TASK: Copy out the lines below that hold the word "строительства".

::::::::

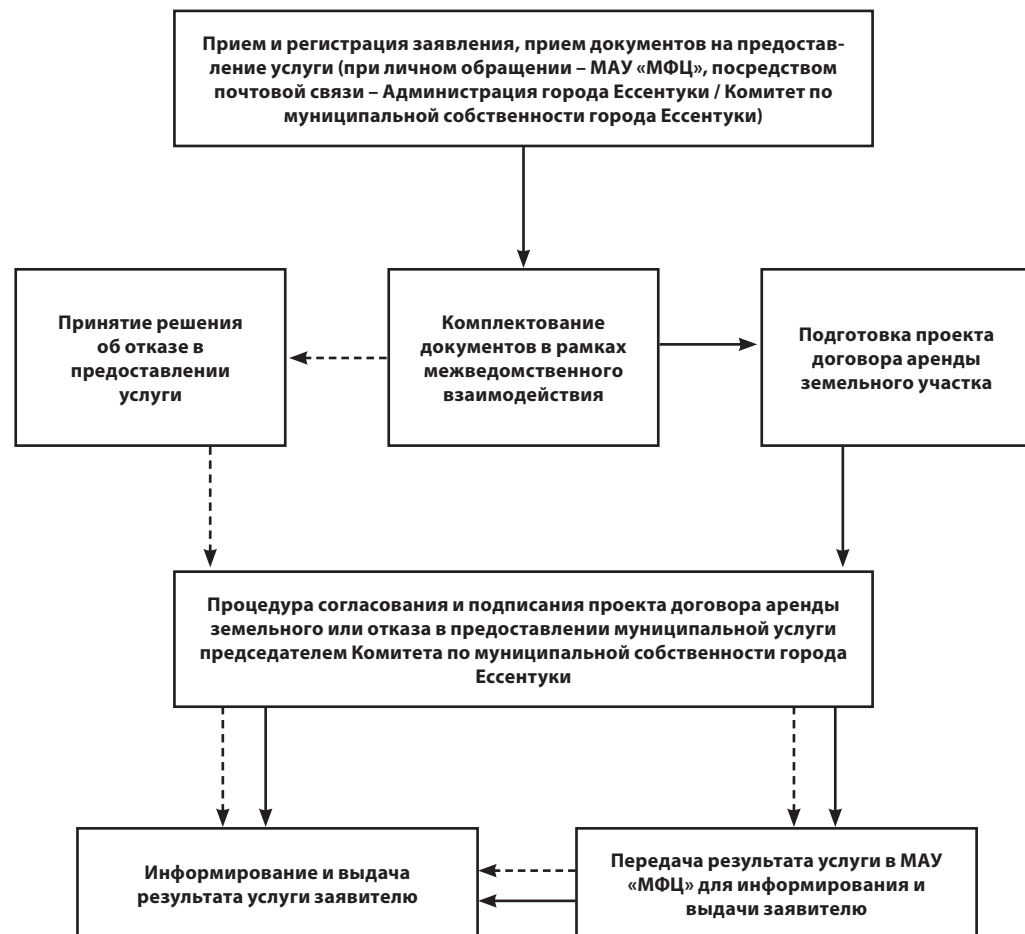
Блок-схема предоставления земельного участка в аренду собственнику объекта незавершенного строительства, расположенного на земельном участке

Приложение 2 к административному регламенту предоставления муниципальной услуги «Предоставление в аренду находящегося в муниципальной собственности земельного участка, на котором расположены объекты незавершенного строительства, однократно для завершения их строительства собственникам объектов незавершенного строительства»
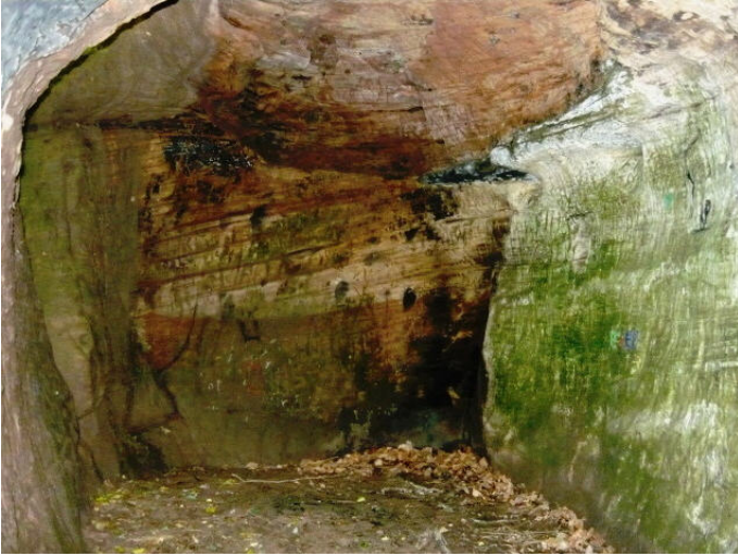
Daneilshöhle innen
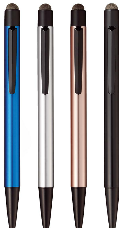
単色ボールペン&タッチペン SXNT82-350-07 1P
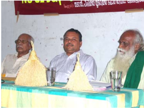
Traditional welcome with rice bouquets (kathir kula)

::::::::

WRITTEN RESPONSE:
Блок-схема предоставления земельного участка в аренду собственнику объекта незавершенного строительства, расположенного на земельном участке
Приложение 2 к административному регламенту предоставления муниципальной услуги «Предоставление в аренду находящегося в муниципальной собственности земельного участка, на котором расположены объекты незавершенного строительства, однократно для завершения их строительства собственникам объектов незавершенного строительства»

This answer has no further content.